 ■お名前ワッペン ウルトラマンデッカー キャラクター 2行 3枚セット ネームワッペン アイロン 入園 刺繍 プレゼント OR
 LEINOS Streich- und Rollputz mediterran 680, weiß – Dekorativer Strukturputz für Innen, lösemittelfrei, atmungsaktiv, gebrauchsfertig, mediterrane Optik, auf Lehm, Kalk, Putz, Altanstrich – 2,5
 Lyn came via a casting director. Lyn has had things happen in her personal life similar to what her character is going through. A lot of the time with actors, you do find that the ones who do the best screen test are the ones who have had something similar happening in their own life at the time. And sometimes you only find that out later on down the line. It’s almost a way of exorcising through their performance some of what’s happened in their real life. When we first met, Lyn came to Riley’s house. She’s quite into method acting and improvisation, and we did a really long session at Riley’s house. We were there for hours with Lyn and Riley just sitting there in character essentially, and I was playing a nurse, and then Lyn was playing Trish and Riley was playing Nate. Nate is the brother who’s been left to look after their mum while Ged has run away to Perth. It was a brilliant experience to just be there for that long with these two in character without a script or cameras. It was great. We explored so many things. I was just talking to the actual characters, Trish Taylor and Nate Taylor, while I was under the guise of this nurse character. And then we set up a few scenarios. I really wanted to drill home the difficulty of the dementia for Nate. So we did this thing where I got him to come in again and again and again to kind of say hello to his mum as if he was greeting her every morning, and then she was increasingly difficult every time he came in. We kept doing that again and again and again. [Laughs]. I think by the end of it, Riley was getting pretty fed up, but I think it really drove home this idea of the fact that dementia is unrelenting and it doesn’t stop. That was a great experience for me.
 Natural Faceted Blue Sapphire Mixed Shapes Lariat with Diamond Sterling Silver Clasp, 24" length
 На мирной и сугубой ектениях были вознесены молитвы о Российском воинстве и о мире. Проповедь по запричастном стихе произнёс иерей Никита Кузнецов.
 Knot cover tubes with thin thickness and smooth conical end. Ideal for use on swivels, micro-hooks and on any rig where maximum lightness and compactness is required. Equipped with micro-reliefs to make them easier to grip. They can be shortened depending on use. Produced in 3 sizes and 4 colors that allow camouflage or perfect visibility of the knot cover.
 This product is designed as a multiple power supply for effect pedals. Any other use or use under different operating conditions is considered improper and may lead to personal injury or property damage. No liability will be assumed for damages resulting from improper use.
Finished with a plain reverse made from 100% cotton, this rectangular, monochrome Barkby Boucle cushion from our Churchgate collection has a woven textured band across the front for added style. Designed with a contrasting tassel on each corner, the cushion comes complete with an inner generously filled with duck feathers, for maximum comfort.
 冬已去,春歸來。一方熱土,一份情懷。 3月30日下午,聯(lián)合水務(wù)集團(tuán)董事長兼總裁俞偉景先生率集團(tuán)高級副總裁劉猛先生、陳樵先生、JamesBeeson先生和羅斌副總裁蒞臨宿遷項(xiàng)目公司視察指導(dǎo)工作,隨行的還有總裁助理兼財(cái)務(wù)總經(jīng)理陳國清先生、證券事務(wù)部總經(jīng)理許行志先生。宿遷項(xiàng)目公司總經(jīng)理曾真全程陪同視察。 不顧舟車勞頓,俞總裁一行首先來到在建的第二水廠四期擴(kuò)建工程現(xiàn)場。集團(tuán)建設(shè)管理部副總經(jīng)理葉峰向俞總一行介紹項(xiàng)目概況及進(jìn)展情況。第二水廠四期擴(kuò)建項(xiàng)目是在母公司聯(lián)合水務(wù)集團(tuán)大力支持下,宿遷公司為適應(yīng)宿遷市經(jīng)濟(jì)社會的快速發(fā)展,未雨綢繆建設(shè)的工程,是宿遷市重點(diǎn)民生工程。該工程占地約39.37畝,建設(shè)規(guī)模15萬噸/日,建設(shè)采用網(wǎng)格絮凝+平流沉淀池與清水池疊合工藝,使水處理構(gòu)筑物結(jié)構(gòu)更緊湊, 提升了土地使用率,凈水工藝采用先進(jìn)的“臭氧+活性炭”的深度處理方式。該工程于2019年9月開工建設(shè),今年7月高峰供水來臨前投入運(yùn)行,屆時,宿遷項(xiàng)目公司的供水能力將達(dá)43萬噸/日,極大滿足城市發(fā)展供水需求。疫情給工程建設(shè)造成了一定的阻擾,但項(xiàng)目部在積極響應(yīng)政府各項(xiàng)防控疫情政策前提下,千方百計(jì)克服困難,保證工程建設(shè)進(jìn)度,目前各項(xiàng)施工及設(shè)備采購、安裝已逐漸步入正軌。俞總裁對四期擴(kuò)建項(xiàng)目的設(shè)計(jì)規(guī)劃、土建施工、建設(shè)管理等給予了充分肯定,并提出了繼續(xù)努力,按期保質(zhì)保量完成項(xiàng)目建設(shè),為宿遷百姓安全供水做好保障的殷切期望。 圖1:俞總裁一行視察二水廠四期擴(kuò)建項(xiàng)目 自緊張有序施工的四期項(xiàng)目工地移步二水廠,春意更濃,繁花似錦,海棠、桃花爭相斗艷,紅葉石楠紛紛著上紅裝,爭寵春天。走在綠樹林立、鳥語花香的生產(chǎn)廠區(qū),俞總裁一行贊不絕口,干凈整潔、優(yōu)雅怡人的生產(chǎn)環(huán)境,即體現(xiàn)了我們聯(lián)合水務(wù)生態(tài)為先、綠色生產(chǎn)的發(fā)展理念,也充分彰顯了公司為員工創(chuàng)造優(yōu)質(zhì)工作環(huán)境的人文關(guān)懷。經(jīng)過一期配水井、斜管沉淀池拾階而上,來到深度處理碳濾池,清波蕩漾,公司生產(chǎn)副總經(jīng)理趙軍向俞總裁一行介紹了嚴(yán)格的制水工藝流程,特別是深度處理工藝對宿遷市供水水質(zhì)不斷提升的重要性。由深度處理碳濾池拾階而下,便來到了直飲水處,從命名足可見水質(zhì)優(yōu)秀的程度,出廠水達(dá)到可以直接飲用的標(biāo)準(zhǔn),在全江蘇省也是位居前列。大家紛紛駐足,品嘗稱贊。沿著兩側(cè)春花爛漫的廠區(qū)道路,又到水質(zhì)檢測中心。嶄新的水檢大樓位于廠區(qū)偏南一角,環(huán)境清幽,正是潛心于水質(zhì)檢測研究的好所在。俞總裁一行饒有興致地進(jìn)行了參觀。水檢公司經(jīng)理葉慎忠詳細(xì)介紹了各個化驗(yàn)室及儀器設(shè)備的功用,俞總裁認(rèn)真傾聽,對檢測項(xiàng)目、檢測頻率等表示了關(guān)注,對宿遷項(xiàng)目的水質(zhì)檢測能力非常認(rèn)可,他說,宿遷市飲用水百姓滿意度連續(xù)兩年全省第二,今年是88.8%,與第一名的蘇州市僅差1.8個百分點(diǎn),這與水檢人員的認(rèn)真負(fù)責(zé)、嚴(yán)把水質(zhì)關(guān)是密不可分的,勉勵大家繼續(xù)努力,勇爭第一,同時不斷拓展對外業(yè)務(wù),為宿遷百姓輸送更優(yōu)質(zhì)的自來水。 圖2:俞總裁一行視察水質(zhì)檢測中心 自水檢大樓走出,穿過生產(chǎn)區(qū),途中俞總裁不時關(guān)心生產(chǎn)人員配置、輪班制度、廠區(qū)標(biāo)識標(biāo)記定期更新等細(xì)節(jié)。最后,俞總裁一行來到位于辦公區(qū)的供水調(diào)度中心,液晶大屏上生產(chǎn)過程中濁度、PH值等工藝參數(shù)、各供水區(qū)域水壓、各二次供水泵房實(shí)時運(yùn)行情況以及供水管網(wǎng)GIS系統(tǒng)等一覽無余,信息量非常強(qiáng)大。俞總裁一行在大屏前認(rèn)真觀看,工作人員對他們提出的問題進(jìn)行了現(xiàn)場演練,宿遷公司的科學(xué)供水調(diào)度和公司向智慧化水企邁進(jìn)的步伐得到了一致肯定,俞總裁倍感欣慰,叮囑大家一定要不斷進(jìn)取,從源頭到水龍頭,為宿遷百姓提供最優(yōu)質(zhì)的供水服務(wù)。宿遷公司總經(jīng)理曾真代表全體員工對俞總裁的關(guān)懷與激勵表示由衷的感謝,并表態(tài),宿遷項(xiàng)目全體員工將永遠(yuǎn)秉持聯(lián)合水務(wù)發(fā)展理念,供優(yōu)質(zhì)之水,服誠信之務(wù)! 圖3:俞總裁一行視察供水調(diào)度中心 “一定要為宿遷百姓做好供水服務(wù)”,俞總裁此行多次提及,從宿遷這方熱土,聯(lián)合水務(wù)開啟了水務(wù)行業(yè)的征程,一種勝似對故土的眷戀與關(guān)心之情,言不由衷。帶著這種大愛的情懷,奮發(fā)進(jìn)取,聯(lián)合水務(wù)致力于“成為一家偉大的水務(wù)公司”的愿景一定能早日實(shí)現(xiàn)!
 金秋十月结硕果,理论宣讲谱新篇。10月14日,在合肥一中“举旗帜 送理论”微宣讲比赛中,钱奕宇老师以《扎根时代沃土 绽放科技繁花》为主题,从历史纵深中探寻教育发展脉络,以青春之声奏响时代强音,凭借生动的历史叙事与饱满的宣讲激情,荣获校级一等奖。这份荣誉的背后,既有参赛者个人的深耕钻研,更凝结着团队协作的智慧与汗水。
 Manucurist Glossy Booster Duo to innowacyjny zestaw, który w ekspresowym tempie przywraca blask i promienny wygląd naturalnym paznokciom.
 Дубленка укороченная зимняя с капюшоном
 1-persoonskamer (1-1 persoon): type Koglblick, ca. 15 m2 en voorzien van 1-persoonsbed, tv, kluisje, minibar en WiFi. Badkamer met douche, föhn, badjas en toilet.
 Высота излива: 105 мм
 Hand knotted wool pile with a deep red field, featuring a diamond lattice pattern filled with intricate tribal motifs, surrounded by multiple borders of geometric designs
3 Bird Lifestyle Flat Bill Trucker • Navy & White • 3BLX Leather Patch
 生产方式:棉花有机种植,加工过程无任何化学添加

• WORK ITEM
Lines in the data that include the word "multiple" should all be copied.

• ANSWER
 This product is designed as a multiple power supply for effect pedals. Any other use or use under different operating conditions is considered improper and may lead to personal injury or property damage. No liability will be assumed for damages resulting from improper use.
 Hand knotted wool pile with a deep red field, featuring a diamond lattice pattern filled with intricate tribal motifs, surrounded by multiple borders of geometric designs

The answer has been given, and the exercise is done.